School of Medicine

42 Visualizing Movie Magic: Graphing Character Connections in Beloved Films

Porter Bischoff and George Vega Yon

Faculty Mentor: George Vega Yon (Internal Medicine, University of Utah)

 

Introduction

Network visualization tools are crucial in enabling researchers and professionals to comprehend complex data structures. Analyzing networks holds significant importance across various fields, including business (Jack, 2010), biology (Alm & Arkin, 2003), social sciences (Garton et al., 1997), health sciences (Deri, 2005), and more. In the field of network visualization and analysis, the tool most commonly used is R. The most common R packages for network visualizations include `igraph` (Csardi & Nepusz, 2005), `sna` (Butts, 2023), and `ggraph’ (Pedersen, 2022). Network visualization is both an art and a science and can be described as a visual aid to discover or analyze patterns in complex systems.

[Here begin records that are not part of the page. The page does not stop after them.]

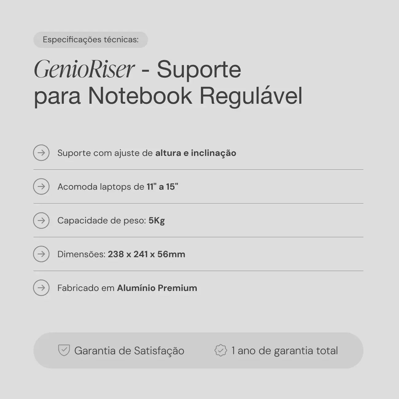 O GenioRiser é um suporte projetado para elevar a tela do seu notebook, proporcionando mais conforto e ergonomia para seu trabalho. Seu design com abertura mantém a máquina ventilada, evitando o superaquecimento e melhorando o desempenho.Compacto e fácil de usar, o GenioRiser se adapta a qualquer ambiente de trabalho.
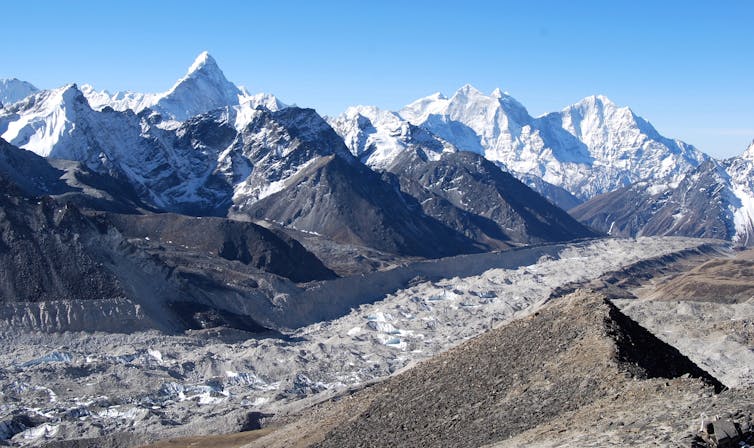 The Himalayas are sacred mountains. Their name in Sanskrit means “abode of snow”. But glaciers are a political issue in central Asia. Glacier-fed rivers provide water to over a billion people for food production and hydropower. India and Nepal in particular rely on glacier melt water to buffer seasonal droughts before the summer monsoon. These countries are rapidly industrialising and generally oppose limiting their carbon emissions.
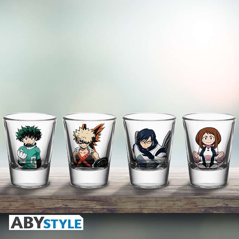 To overcome the threat of the villains, a new crack team has been formed! Midoriya, Bakugo, Tenya and Uraraka are ready to face any danger in this set of 4 My Hero Academia shooters by ABYstyle!
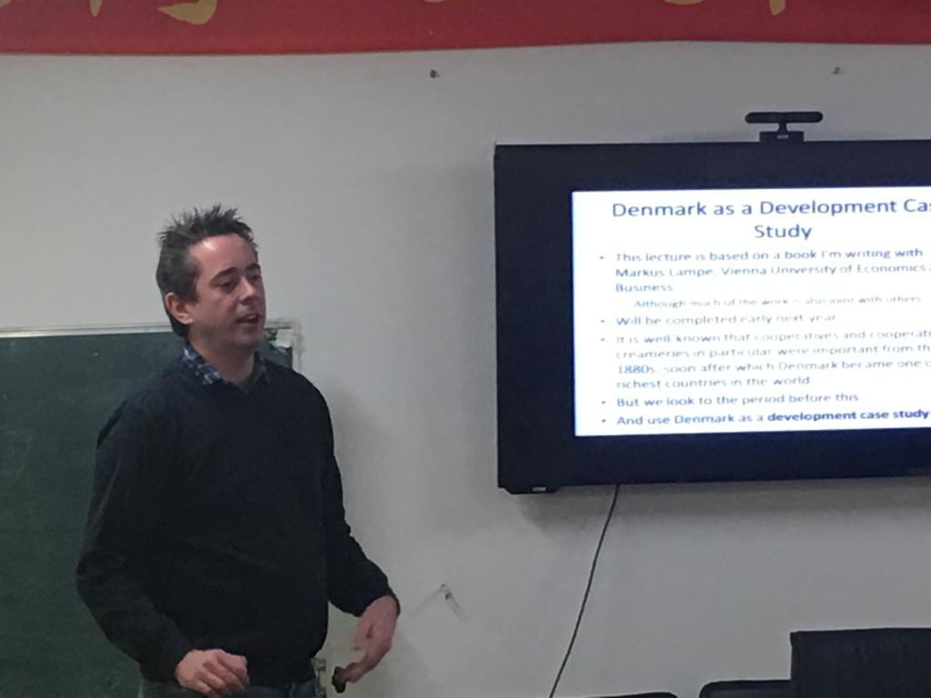 2016年12月7日,南丹麦大学(University of Southern Denmark)经管学院Paul Richard Sharp教授在999论坛白菜大全1305会议室为白菜官网师生举办题为“The Danish Development Miracle”的讲座,并就经济学研究问题与与会师生进行研讨。

Graph visualization aspects

Network visualization involves choosing how to position nodes, also known as vertices, and edges, the connections, in the space, which in network science is called layout algorithms. Popular algorithms like Circle (Six & Tollis, 1999), DrL (Martin et al., 2007), Fruchterman-Reingold (Fruchterman & Reingold, 1991), Kamada-Kawai (Kamada & Kawai, 1989), and LGL (Adai et al., 2004) each have their strengths in displaying specific network structures. Graphing parameters, such as vertex size (Sharma & Chou, 2022; Zien et al., 1999), color (Ognyanova, n.d.), shape (Grapov & Newman, 2012), and edge width (Lin, 2018), play a crucial role in conveying information and highlighting patterns. By skillfully utilizing these components, network visualization becomes a powerful tool for understanding intricate relationships within the data. Additionally, considering the type of data is essential; egocentric data focuses on social network measurements surrounding a central individual (Marsden & Hollstein, 2023), while network analysis involves small networks with high clustering and short path lengths (Amaral et al., 2000; Bassett & Bullmore, 2006; Newman, 2001) and large networks with billions of nodes and edges (Blondel et al., 2008), capturing connections within communities. Bipartite networks, which model relationships between two distinct sets of entities, find applications in various fields (Banerjee et al., 2017). Understanding these different data types and their applications provides valuable insights into the complexities of interconnected systems.

`Netplot` (Yon & Bischoff, 2023) was created as an alternative option for plotting network data to those mentioned above. It is built on the grid plotting system, the same used by the popular `ggplot2`. Like `ggplot2`, its focus is mainly on aesthetics, providing beautiful visualizations right out of the box. The plot below shows the differences between `netplot` and the most popular alternatives; which we presented during the 2023 SPUR program at the University of Utah:

Figure 1

In what follows, I present a few examples of the `netplot` R package using data from the `networkdata` R package (Schoch, 2021).

Movie walkthrough

The `networkdata` package features 979 datasets with 2,135 networks, giving us a great place to explore some of the strengths of the `netplot` package. Here, I will focus on a subset including ~775 networks of movie characters. Of the latter, I will use `netplot` to visualize five of my favorites.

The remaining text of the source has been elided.